In 1950, the Temple of the Golden Pavilion (Kinkaku-ji) in Kyoto was burned to the ground by a young monk. The temple had been built in the fourteenth century and was the finest example of the architecture of the Muromachi period. Covered in gold leaf and crowned with a copper-gold phoenix, it projected an image of majesty and serene beauty. It had been designated a National Treasure in 1897 and was considered a national symbol in Japan. Transcripts of the monk’s trial indicate that the temple’s beauty consumed him with envy, and the reminder of his own ugliness engendered in him a hatred of everything that was beautiful.

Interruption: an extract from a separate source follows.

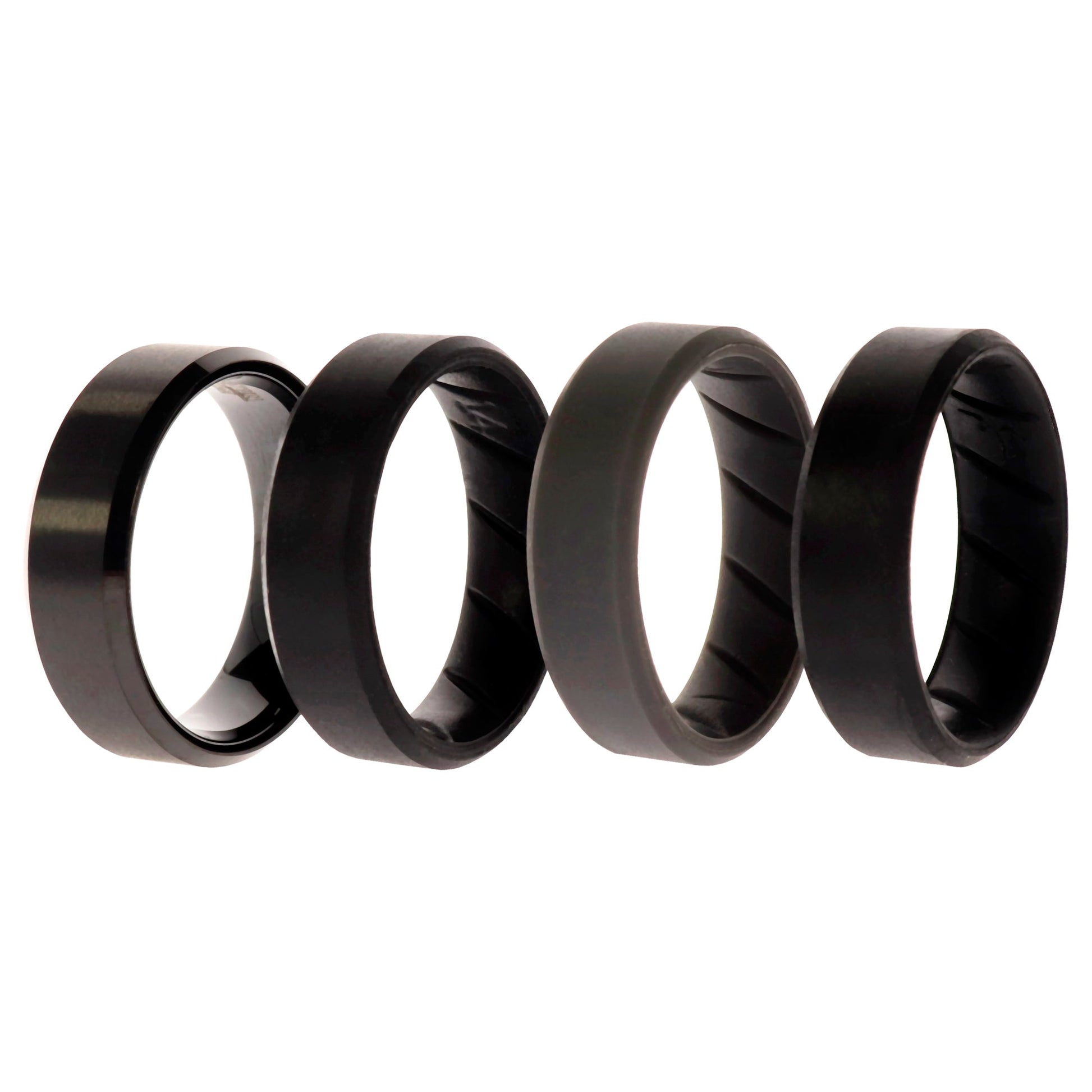 Silicone Wedding BR Twin 8mm Ring - Black by ROQ for Men - 4 x 14 mm Ring

The temple haunted his imagination and became the object of his obsession. This neurotic fixation finally compelled him to destroy it.
This inspired Mishima to write his novel The Temple of the Golden Pavilion. He uses the incident as a basic framework upon which he crafts both a psychological portrait tracing the protagonist’s descent into madness and obsession and a philosophical meditation on the nature of beauty, time, and morality. The novel is a masterpiece and stands as one of Mishima’s greatest works.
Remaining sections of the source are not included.